**What you should do**
Quote from the first line below through the line that contains "In this field, an", both included, and leave the pictures out.

**Provided material**
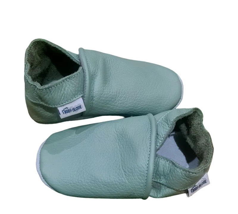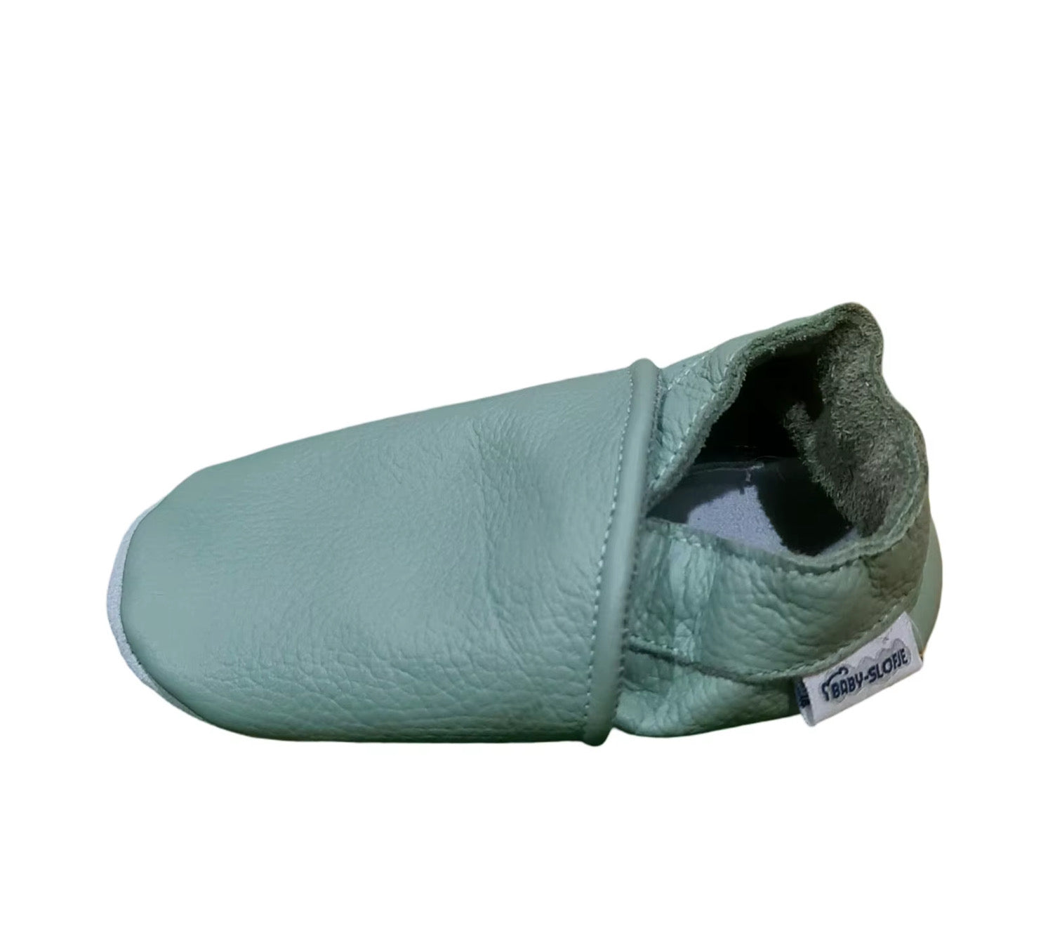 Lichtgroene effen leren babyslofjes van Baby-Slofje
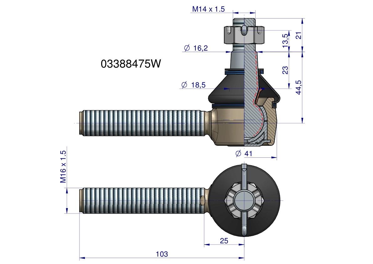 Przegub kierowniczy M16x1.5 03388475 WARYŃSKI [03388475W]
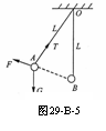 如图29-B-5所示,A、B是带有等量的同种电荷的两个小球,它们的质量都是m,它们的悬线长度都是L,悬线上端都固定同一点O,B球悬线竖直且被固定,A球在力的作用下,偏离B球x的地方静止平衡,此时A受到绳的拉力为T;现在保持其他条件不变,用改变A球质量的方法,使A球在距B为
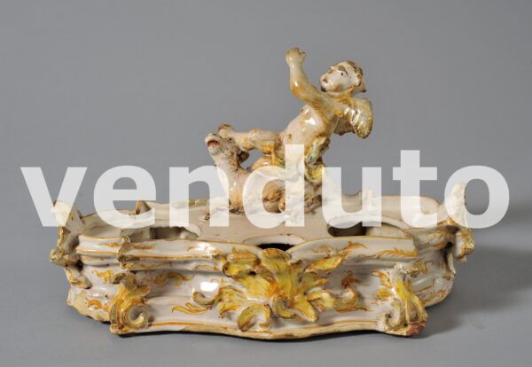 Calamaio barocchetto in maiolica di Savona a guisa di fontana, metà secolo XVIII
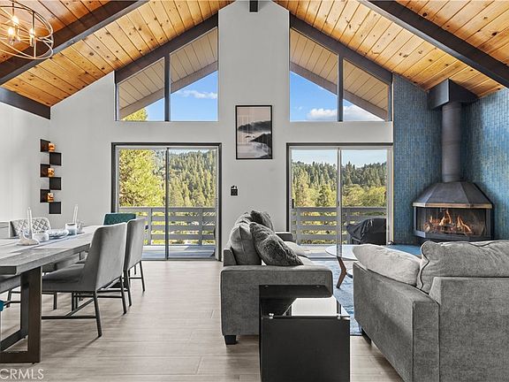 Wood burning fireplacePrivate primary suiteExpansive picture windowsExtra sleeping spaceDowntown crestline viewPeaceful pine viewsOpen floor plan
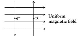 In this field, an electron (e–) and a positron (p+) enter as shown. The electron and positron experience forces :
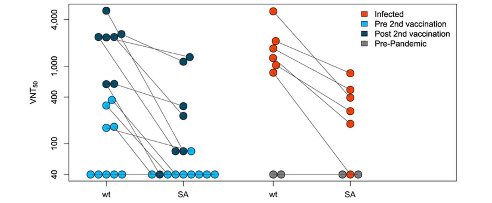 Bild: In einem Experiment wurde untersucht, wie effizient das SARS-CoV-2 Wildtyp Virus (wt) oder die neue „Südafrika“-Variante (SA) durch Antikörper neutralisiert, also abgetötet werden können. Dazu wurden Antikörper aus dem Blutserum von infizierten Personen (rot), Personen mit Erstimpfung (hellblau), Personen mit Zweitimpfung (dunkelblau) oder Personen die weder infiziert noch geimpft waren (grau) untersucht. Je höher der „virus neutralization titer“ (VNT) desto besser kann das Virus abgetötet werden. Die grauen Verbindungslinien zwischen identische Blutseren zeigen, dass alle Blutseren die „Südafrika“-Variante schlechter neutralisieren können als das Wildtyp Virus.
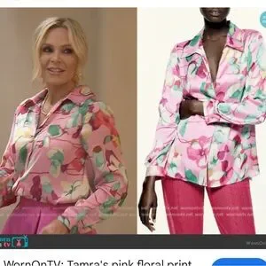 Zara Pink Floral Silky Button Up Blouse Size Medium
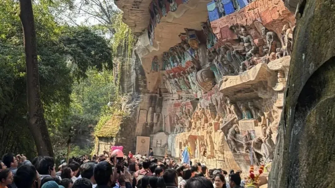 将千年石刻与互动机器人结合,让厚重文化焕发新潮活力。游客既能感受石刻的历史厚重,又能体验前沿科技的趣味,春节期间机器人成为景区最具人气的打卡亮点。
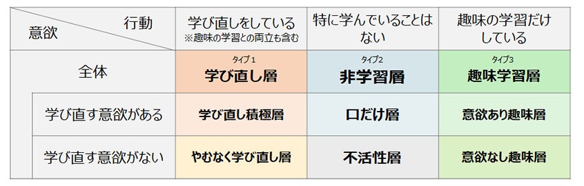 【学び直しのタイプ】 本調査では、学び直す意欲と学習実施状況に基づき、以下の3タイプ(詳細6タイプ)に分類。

**Exercise response**
 Lichtgroene effen leren babyslofjes van Baby-Slofje
 Przegub kierowniczy M16x1.5 03388475 WARYŃSKI [03388475W]
 如图29-B-5所示,A、B是带有等量的同种电荷的两个小球,它们的质量都是m,它们的悬线长度都是L,悬线上端都固定同一点O,B球悬线竖直且被固定,A球在力的作用下,偏离B球x的地方静止平衡,此时A受到绳的拉力为T;现在保持其他条件不变,用改变A球质量的方法,使A球在距B为
 Calamaio barocchetto in maiolica di Savona a guisa di fontana, metà secolo XVIII
 Wood burning fireplacePrivate primary suiteExpansive picture windowsExtra sleeping spaceDowntown crestline viewPeaceful pine viewsOpen floor plan
 In this field, an electron (e–) and a positron (p+) enter as shown. The electron and positron experience forces :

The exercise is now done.